Tristemente novedoso
Johnson ha convertido la codicia, el victimismo blanco, la corrupción y la xenofobia en algo no sólo respetable sino tristemente novedoso en las antiguas ciudades industriales pequeñas de Inglaterra. Quince mil votantes de Hartlepool, una ciudad de clase obrera que recogió un 70% de voto a favor del Brexit en 2016, respaldaron a un candidato conservador que demostró nula conexión con la ciudad. Y esto se produjo en un contexto en el que los “tories” han gestionado una de las peores cifras de muertos del mundo durante la pandemia, y con la administración de Johnson metida hasta el fondo en acusaciones de corrupción.
Por contraposición, el laborismo pudo movilizar a menos de 8.000 personas de las que le habían votado en las elecciones generales de 2019. No obstante el hecho de que el candidato laborista fuera un médico del lugar, alguien que ha trabajado en primera línea de la epidemia, los votantes han preferido la política de la corrupción y el elitismo.

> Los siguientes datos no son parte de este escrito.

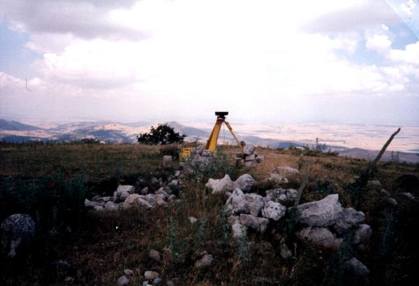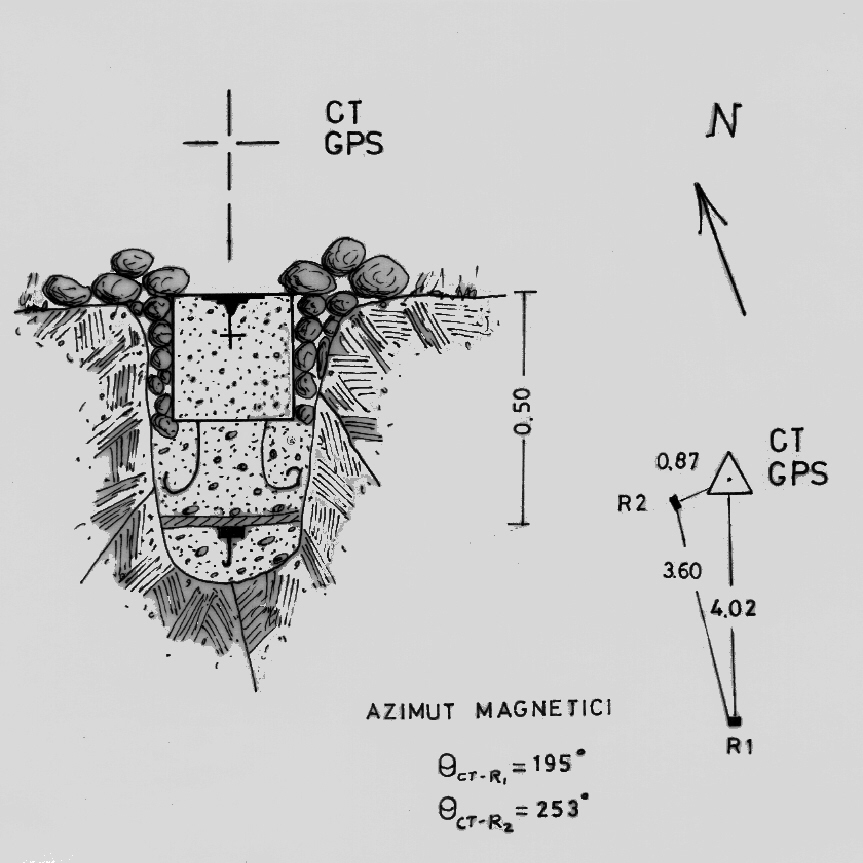 Centrino di tipo "GPS A" incollato su centrino di superficie in blocco di calcestruzzo prefabbricato, in asse a sottostante centrino di fondo. Riferimenti: R1, R2 termini di confine.
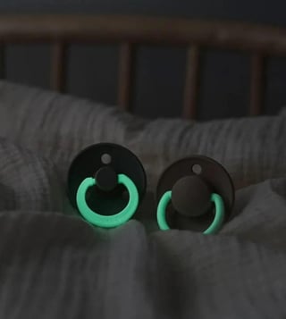 Pacifiers are key for soothing newborns and toddlers, helping them self-soothe and feel secure. The BIBS Pacifier, a trusted choice for over forty years, features a nipple made from soft, natural and durable materials. Designed and made in Denmark, it mimics a mother¿s breast and comes in size 1 (0+ months). It comes with a glow in the dark feature which makes it easy to find the pacifiers in the dark. Simply hold the pacifier up to a lamp for 5-10 sec. to activate the effect. The luminescent effect lasts for 8+ hours.

‘¿Cómo pueden respaldar a los “tories” cuando una cuarta parte de sus propios hijos vive en la pobreza?’ era el lamento de un comentarista liberal en Twitter. La respuesta es evidente para cualquiera que haya hecho campaña puerta a puerta: los votantes de clase trabajadora socialmente conservadores desprecian a los pobres, lo mismo que desprecian a los ‘estudiantes’, a los ‘políticamente correctos’, a los refugiados y los derechos humanos.
Su política viene hoy dictada primordialmente por su identidad, no por sus intereses económicos. Se ven a si mismos en competencia con los trabajadores migrantes. Advierten que su ciudad entra en competencia con las grandes urbes por cualquier crecimiento exiguo que se pueda genera en nuestra averiada economía. Y cuando despotrican contra los ‘estudiantes’, se refieren a un mundo en el que el aprendizaje, la tolerancia y la apertura se valoran más que la comunidad, lo local y la familia patriarcal.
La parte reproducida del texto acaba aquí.